Few doubt that Amazon’s food strategies at Whole Foods will be successful; in fact, most food retailers are scrambling to compete with Amazon Whole Foods. From a consumer standpoint, the chain is on target as it rolls out its Amazon Prime delivery, Amazon lockers and new offerings like fresh meal kits. The challenge that faces Amazon is how to run the business side of Whole Foods.
Whole Foods has always worked closely with small and local food brands to nurture them and make them successful – to the brands’ benefit and often to Whole Foods’ disadvantage. Whole Foods’ “foragers” were buyers who would scour their areas looking for and signing up unique brands that most times did not have the wherewithal to pay for promotional allowances or slotting fees.

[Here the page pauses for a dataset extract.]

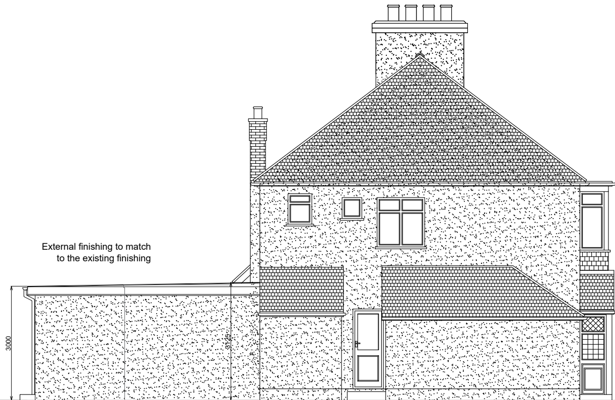
PROPOSED LEFT SIDE ELEVATION

Whole Foods took these brands under their wing and waived the costs, unlike most other large chains.
Amazon was able to purchase Whole Foods because it was “broken” — let’s not forget that — and now Amazon is building best practices to solve those problems, and its suppliers are complaining.
Two significant communications were sent in the past weeks from Whole Foods to the brand community. The first was that it would not be attending Expo West, the largest “natural products” trade show in the country. In the past, this was the home turf for Whole Foods buyers, and Whole Foods brought more associates than any other food chain to taste, buy, mingle and build relationships.

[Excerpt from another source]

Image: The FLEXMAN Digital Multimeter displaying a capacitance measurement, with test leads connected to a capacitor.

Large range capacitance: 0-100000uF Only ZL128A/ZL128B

Jeffries’ Industry Note, released earlier today, discussed Expo West from the first-hand perspective of Christopher Mandeville, Jefferies senior analyst covering the food and convenience retail/distribution sector, and noted:
Confounded by their [Whole Foods] lack of attendance, we spoke to a wide array of vendors only to learn that WFM sent a letter out to the CPG community several wks. ago stating that it would not be present as the company has chosen to freeze all merchandising plans for the next several quarters (no changes to planograms) as it seeks to rework/refine its new centralized buying program.
We believe such a decision poses a great risk to the grocer's reputation as a retailer that partners w/ and grows small, innovative brands, and in turn, this could negatively affect how shoppers view WFM as a narrow brand assortment might detract from the overall experience.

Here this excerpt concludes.